Он перехватил ее взгляд и поднял брови:

— Все в порядке?

Она быстро отвела глаза и стала смотреть прямо перед собой.

— Все прекрасно.

Она заметила, что он все еще улыбается. Он оставил ее в таверне, сказав, что должен отлучиться до ужина, поскольку у него есть поручение. Крессида прошла в свою комнату и долго смотрела в окно, наблюдая суетную жизнь Лондона. Она не знала, что и думать обо всем этом. У отца был бизнес с этим жалким негодяем Преннером, он продавал литографии определенного сорта. Она могла понять, почему он ничего не сказал им об этом, потому что литографии скорее всего были похожи нате, которые она видела в магазине. Наверное, ей не стоило удивляться. У отца вошло в привычку рисовать для них маленькие смешные картинки в письмах, которые он посылал домой. У него всегда было прекрасное чувство юмора. А, появляясь дома, он рисовал миниатюрные портреты ее и Калли, которые потом брал с собой. Она понимала, что мистер Преннер не стал бы платить за рисунки кроликов и птичек или портреты девочек.

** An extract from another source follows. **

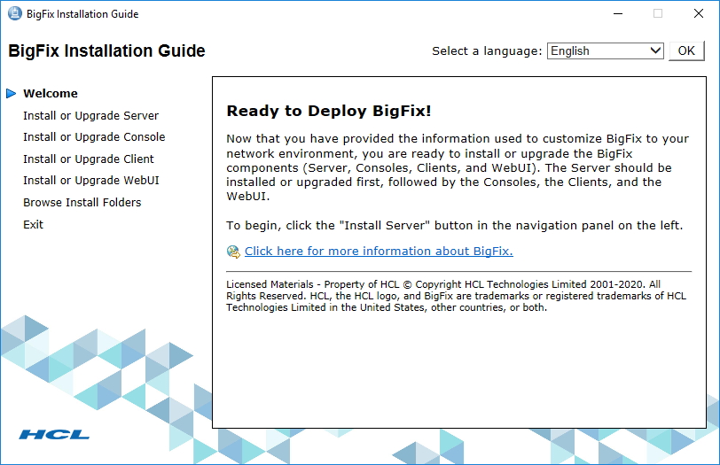 - インストール・ガイドをまだ実行していない場合は、実行します (「スタート」>「すべてのプログラム」>「BigFix」>「BigFix インストール・ガイド」)。新しいパネルが開きます。

Крессида вздохнула. Может быть, ей и не стоило удивляться тому, что она узнала об отце. Всю ее жизнь он больше отсутствовал, чем был рядом, пока три года назад не оставил армию. Сколько Крессида помнила, он очень редко проводил дома больше нескольких недель подряд. Ее представление об отце складывалось по большей части из бабушкиных рассказов, которая считала, что их отец был самым умным, самым благородным и замечательным на всем белом свете. Приезжая в отпуск, он был веселым и добрым, много смеялся и был полон всяких фантастических замыслов. У него в карманах всегда были припасены конфеты для малышек и подарок для его матери. Крессида обожала отца как некое благородное и щедрое существо, время от времени появляющееся в ее жизни, но едва ли она могла сказать, что хорошо знает его.

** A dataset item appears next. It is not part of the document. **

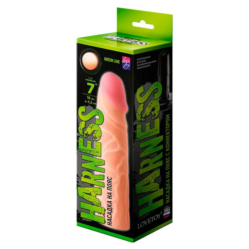 Насадка Harness 7 имеет длину 18 см., диаметр 4,2 см. Красивый рельеф имитирует облик полового члена с крупной, хорошо обозначенной головкой и рельефными складками.

За последние два года ее обожание несколько умерилось. Она повзрослела и смотрела на него уже совсем другими глазами. Он все еще оставался для нее обаятельным, но не только. Потому что был вспыльчивым, сумасбродным и расточительным. Иногда он бывал наглым, блефовал и, казалось, не понимал, почему Калли стала такой тихой и замкнутой. Может быть, они, взрослые, были для него такой же загадкой, как и он для них. Завоевать привязанность маленьких девочек легко, особенно если бабушка, пока его не было дома, каждый вечер пела ему дифирамбы, но две взрослые женщины видели его недостатки, и нравиться им было труднее.

Калли пережила неудачное замужество и вернулась домой еще более тихой, чем была раньше, а Крессида, после того как бабушка стала терять рассудок, превратилась в практичную домохозяйку. Отец являлся домой все такой же обаятельный и энергичный, как прежде, но они стали другими и уже не тянули к нему руки, затаив дыхание, когда он возникал на пороге с ранцем на плече. В общем, отец отвык жить дома, и они уже давно смирились с его постоянными отлучками.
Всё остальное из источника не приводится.